● **Collection entries**:

= = = = = = =

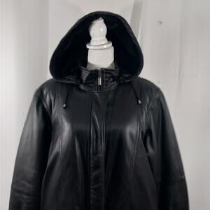 From Charles Klein comes this heavyweight, toasty warm pure genuine leather jacket, coat, parka styled! Featuring a plush black zip-out lining with a poly satin lining beyond that! The hood is also plush lined, and also zips on and off! Full zipper front, front pockets, gorgeous leather! Size L, worn just twice! Excellent! Superb EUC Condition! **ABSOLUTELY GUARANTEED CONDITION: EUC MINTY-EXCELLENT TO LIKE-NEW, by Lily @HauteClub!***
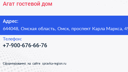 Агат, гостевой дом по адресу 644048, Омская область, Омск, проспект Карла Маркса, 49 в дальнейшем Организация, размещена в следующих категориях:
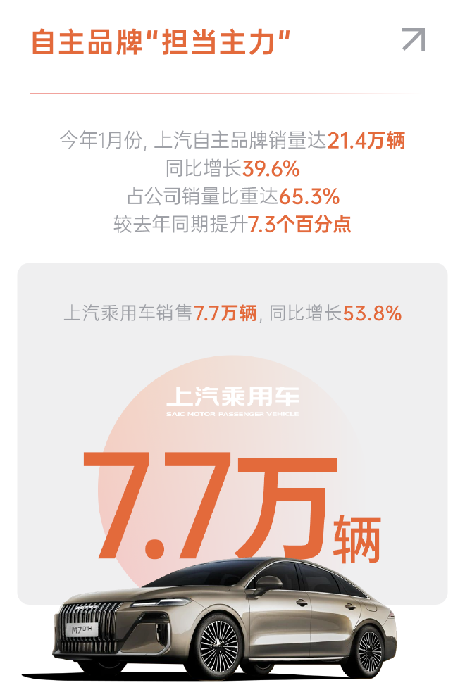 自主品牌已成为上汽集团绝对的增长支柱。1月份,上汽自主品牌销售21.4万辆,同比大幅增长39.6%。
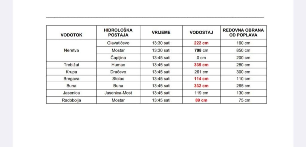 Prema informacijama iz Operativnog centra Čapljina, u toku je obilazak nasipa i kontinuirano praćenje vodostaja rijeka. Vodostaj je u blagom padu u odnosu na prethodni dan.
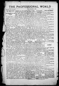 The paper covered career advancements of black professionals, black businesses, and events such as a visit by Booker T. Washington and a Blind Boone concert.[7] The Professional World lasted until about 1920.[6]
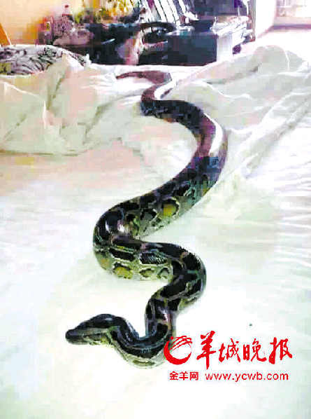 6月8日,记者联系上王海波,他回忆,6月2日晚上6时多,他给住在东莞珊美新庄的姑姑送去一只烧猪过节(当天是端午节),他姑姑王女士到二楼房间里拿东西时,忽然发现在自己的床上有一条黑色发亮的东西在动。姑姑小心掀开被子一看: “啊!大蛇啊!”
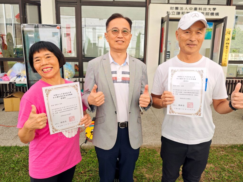 日前舉行的復能運動期中頒獎典禮,多位長輩表現優異,中臺科大校長陳錦杏親自頒獎給得獎長輩,其中,70歲長照需要等級6級的鄭伯伯,在兩個月內累計完成282次復能運動,展現驚人毅力,最終以第二名的優異成績獲獎。他在眾人祝賀中接過獎狀時,因深受肯定而感動落淚,充分展現自主復能的價值與成就。
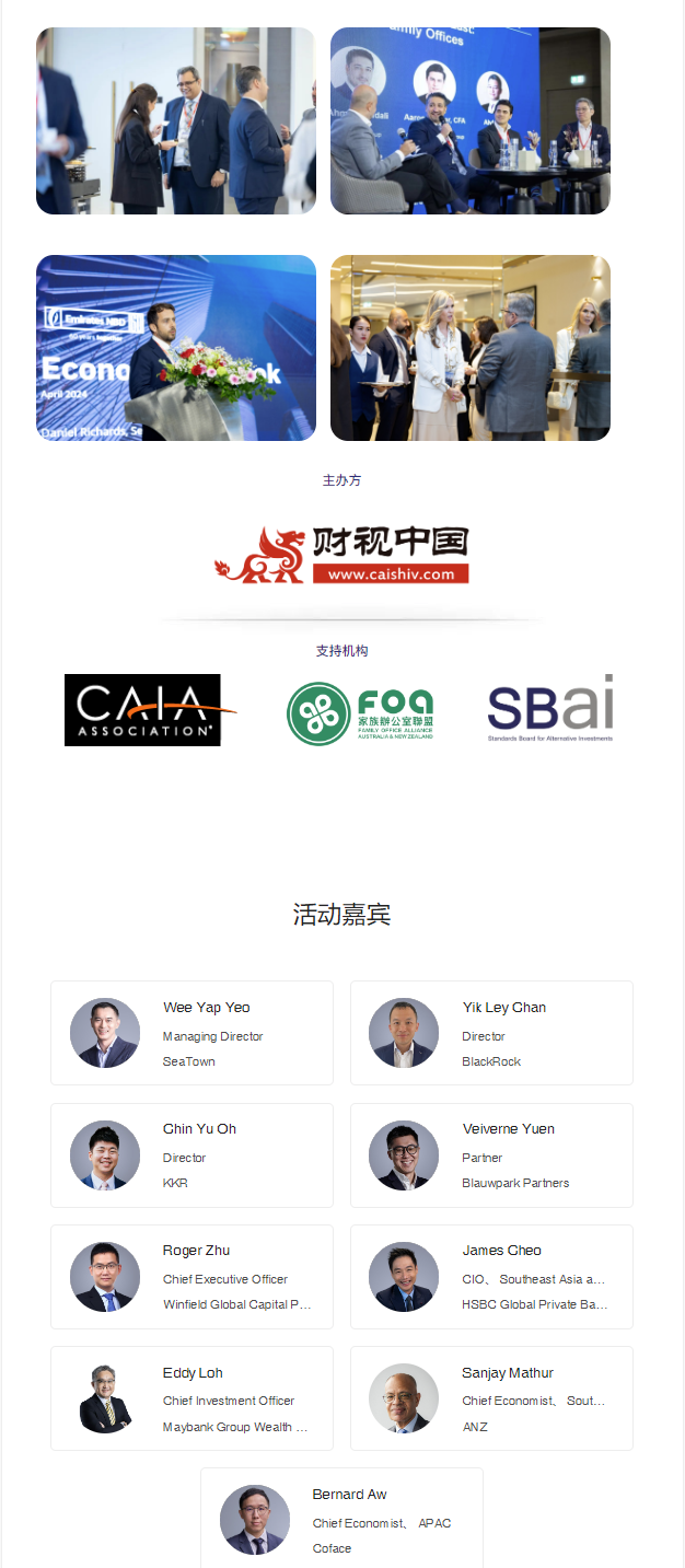 本次活动主题为“多元投资与财富管理”,聚焦多资产策略和东南亚财富管理行业,设立财富管理主论坛,股票、固定收益与另类投资分论坛。同时活动特别邀请到了来自贝莱德、KKR以及淡马锡旗下狮诚控股国际的东南亚私募信贷业务负责人,为我们带来东南亚私募信贷的最新动态和未来洞见。
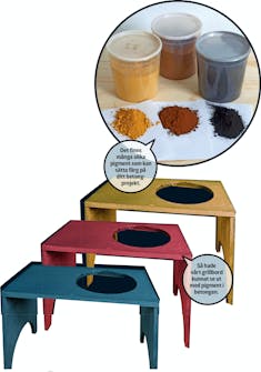 Betongfärg i pulverform kallas oxidpigment, ett namn som kommer från att färgerna innehåller järnoxid. Med järnoxid får du nästan obegränsade möjligheter när du färgar ditt projekt, och färgen håller riktigt bra. Ett kilo pigment kostar ca. 150 kr. Blan-dingsförhållandet ska vara fem procent pigment och 95 procent torrbetong om färgen ska hålla.
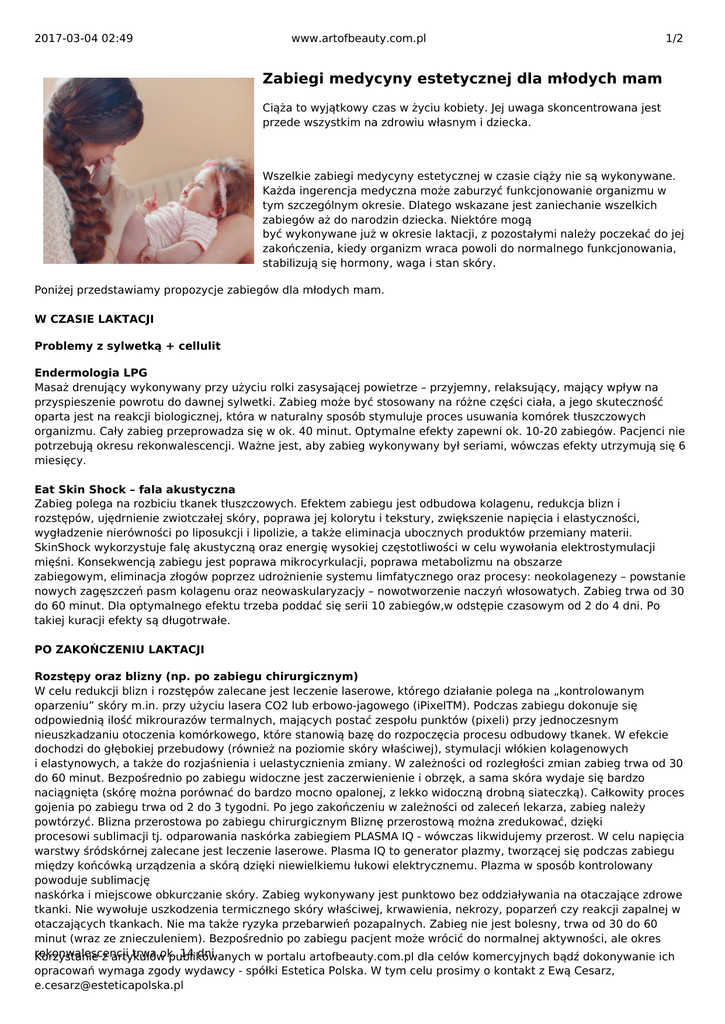 2017-03-04 02:49 www.artofbeauty.com.pl 1/2 Zabiegi medycyny estetycznej dla młodych mam Ciąża to wyjątkowy czas w życiu kobiety. Jej uwaga skoncentrowana jest przede wszystkim na zdrowiu własnym i dziecka. Wszelkie zabiegi medycyny estetycznej w czasie ciąży nie są wykonywane. Każda ingerencja medyczna może zaburzyć funkcjonowanie organizmu w tym szczególnym okresie. Dlatego wskazane jest zaniechanie wszelkich zabiegów aż do narodzin dziecka. Niektóre mogą być wykonywane już w okresie laktacji, z pozostałymi należy poczekać do jej zakończenia, kiedy organizm wraca powoli do normalnego funkcjonowania, stabilizują się hormony, waga i stan skóry. Poniżej przedstawiamy propozycje zabiegów dla młodych mam. W CZASIE LAKTACJI Problemy z sylwetką + cellulit Endermologia LPG Masaż drenujący wykonywany przy użyciu rolki zasysającej powietrze – przyjemny, relaksujący, mający wpływ na przyspieszenie powrotu do dawnej sylwetki. Zabieg może być stosowany na różne części ciała, a jego skuteczność oparta jest na reakcji biologicznej, która w naturalny sposób stymuluje proces usuwania komórek tłuszczowych organizmu. Cały zabieg przeprowadza się w ok. 40 minut. Optymalne efekty zapewni ok. 10-20 zabiegów. Pacjenci nie potrzebują okresu rekonwalescencji. Ważne jest, aby zabieg wykonywany był seriami, wówczas efekty utrzymują się 6 miesięcy. Eat Skin Shock – fala akustyczna Zabieg polega na rozbiciu tkanek tłuszczowych. Efektem zabiegu jest odbudowa kolagenu, redukcja blizn i rozstępów, ujędrnienie zwiotczałej skóry, poprawa jej kolorytu i tekstury, zwiększenie napięcia i elastyczności, wygładzenie nierówności po liposukcji i lipolizie, a także eliminacja ubocznych produktów przemiany materii. SkinShock wykorzystuje falę akustyczną oraz energię wysokiej częstotliwości w celu wywołania elektrostymulacji mięśni. Konsekwencją zabiegu jest poprawa mikrocyrkulacji, poprawa metabolizmu na obszarze zabiegowym, eliminacja złogów poprzez udrożnienie systemu limfatycznego oraz procesy: neokolagenezy – powstanie nowych zagęszczeń pasm kolagenu oraz neowaskularyzacjy – nowotworzenie naczyń włosowatych. Zabieg trwa od 30 do 60 minut. Dla optymalnego efektu trzeba poddać się serii 10 zabiegów,w odstępie czasowym od 2 do 4 dni. Po takiej kuracji efekty są długotrwałe. PO ZAKOŃCZENIU LAKTACJI Rozstępy oraz blizny (np. po zabiegu chirurgicznym) W celu redukcji blizn i rozstępów zalecane jest leczenie laserowe, którego działanie polega na „kontrolowanym oparzeniu” skóry m.in. przy użyciu lasera CO2 lub erbowo-jagowego (iPixelTM). Podczas zabiegu dokonuje się odpowiednią ilość mikrourazów termalnych, mających postać zespołu punktów (pixeli) przy jednoczesnym nieuszkadzaniu otoczenia komórkowego, które stanowią bazę do rozpoczęcia procesu odbudowy tkanek. W efekcie dochodzi do głębokiej przebudowy (również na poziomie skóry właściwej), stymulacji włókien kolagenowych i elastynowych, a także do rozjaśnienia i uelastycznienia zmiany. W zależności od rozległości zmian zabieg trwa od 30 do 60 minut. Bezpośrednio po zabiegu widoczne jest zaczerwienienie i obrzęk, a sama skóra wydaje się bardzo naciągnięta (skórę można porównać do bardzo mocno opalonej, z lekko widoczną drobną siateczką). Całkowity proces gojenia po zabiegu trwa od 2 do 3 tygodni. Po jego zakończeniu w zależności od zaleceń lekarza, zabieg należy powtórzyć. Blizna przerostowa po zabiegu chirurgicznym Bliznę przerostową można zredukować, dzięki procesowi sublimacji tj. odparowania naskórka zabiegiem PLASMA IQ - wówczas likwidujemy przerost. W celu napięcia warstwy śródskórnej zalecane jest leczenie laserowe. Plasma IQ to generator plazmy, tworzącej się podczas zabiegu między końcówką urządzenia a skórą dzięki niewielkiemu łukowi elektrycznemu. Plazma w sposób kontrolowany powoduje sublimację naskórka i miejscowe obkurczanie skóry. Zabieg wykonywany jest punktowo bez oddziaływania na otaczające zdrowe tkanki. Nie wywołuje uszkodzenia termicznego skóry właściwej, krwawienia, nekrozy, poparzeń czy reakcji zapalnej w otaczających tkankach. Nie ma także ryzyka przebarwień pozapalnych. Zabieg nie jest bolesny, trwa od 30 do 60 minut (wraz ze znieczuleniem). Bezpośrednio po zabiegu pacjent może wrócić do normalnej aktywności, ale okres rekonwalescencji trwa ok. 14 dni. Korzystanie z artykułów publikowanych w portalu artofbeauty.com.pl dla celów komercyjnych bądź dokonywanie ich opracowań wymaga zgody wydawcy - spółki Estetica Polska. W tym celu prosimy o kontakt z Ewą Cesarz, [email protected] 2017-03-04 02:49 www.artofbeauty.com.pl 2/2 Cellulit ALIDYA to nowoczesny preparat medyczny zarejestrowany do leczenia i profilaktyki cellulitu poprzez iniekcje. Najnowsza teoria dowodzi, że jedną z przyczyn powstawania cellulitu jest odkładanie się jonów żelaza, które niekorzystnie wpływają na właściwości błon komórkowych, białek i kwasów nukleinowych znajdujących się w komórce. Zadaniem tego preparatu jest wychwytywanie szkodliwych jonów żelaza i przywracanie sprawności błonom komórkowym. Zabieg powtarzany jest co 7 dni przez kolejne 7-12 tygodni. Efekty: Skóra jest bardziej jędrna, gładsza, a niechciany cellulit ulega redukcji. Efektami możemy się cieszyć kilka miesięcy od wykonania zabiegu. Miejscowe otłuszczenia Lipoliza to zabieg rozpuszczający tkankę tłuszczową, która następnie jest metabolizowana. Jest to niechirurgiczna metoda usuwania nadmiaru tkanki tłuszczowej. Preparat, na którym bazuje terapia to połączenie fosfatydylocholiny (substancja rozpuszczająca błony komórkowe komórek tłuszczowych) oraz deoksycholatu (substancja niszcząca tłuszcz). Uwolnione z komórek tłuszcze są następnie transportowane do wątroby, gdzie podlegają metabolizmowi i są usuwane z organizmu. Lipoliza najlepiej sprawdza się w redu

= = = = = = =

● **What you need to do**: Retype the entries above exactly. Stop after the line containing "自主品牌已成为上汽集团绝对的", and omit the pictures.

● **Solution for this exercise**:
 From Charles Klein comes this heavyweight, toasty warm pure genuine leather jacket, coat, parka styled! Featuring a plush black zip-out lining with a poly satin lining beyond that! The hood is also plush lined, and also zips on and off! Full zipper front, front pockets, gorgeous leather! Size L, worn just twice! Excellent! Superb EUC Condition! **ABSOLUTELY GUARANTEED CONDITION: EUC MINTY-EXCELLENT TO LIKE-NEW, by Lily @HauteClub!***
 Агат, гостевой дом по адресу 644048, Омская область, Омск, проспект Карла Маркса, 49 в дальнейшем Организация, размещена в следующих категориях:
 自主品牌已成为上汽集团绝对的增长支柱。1月份,上汽自主品牌销售21.4万辆,同比大幅增长39.6%。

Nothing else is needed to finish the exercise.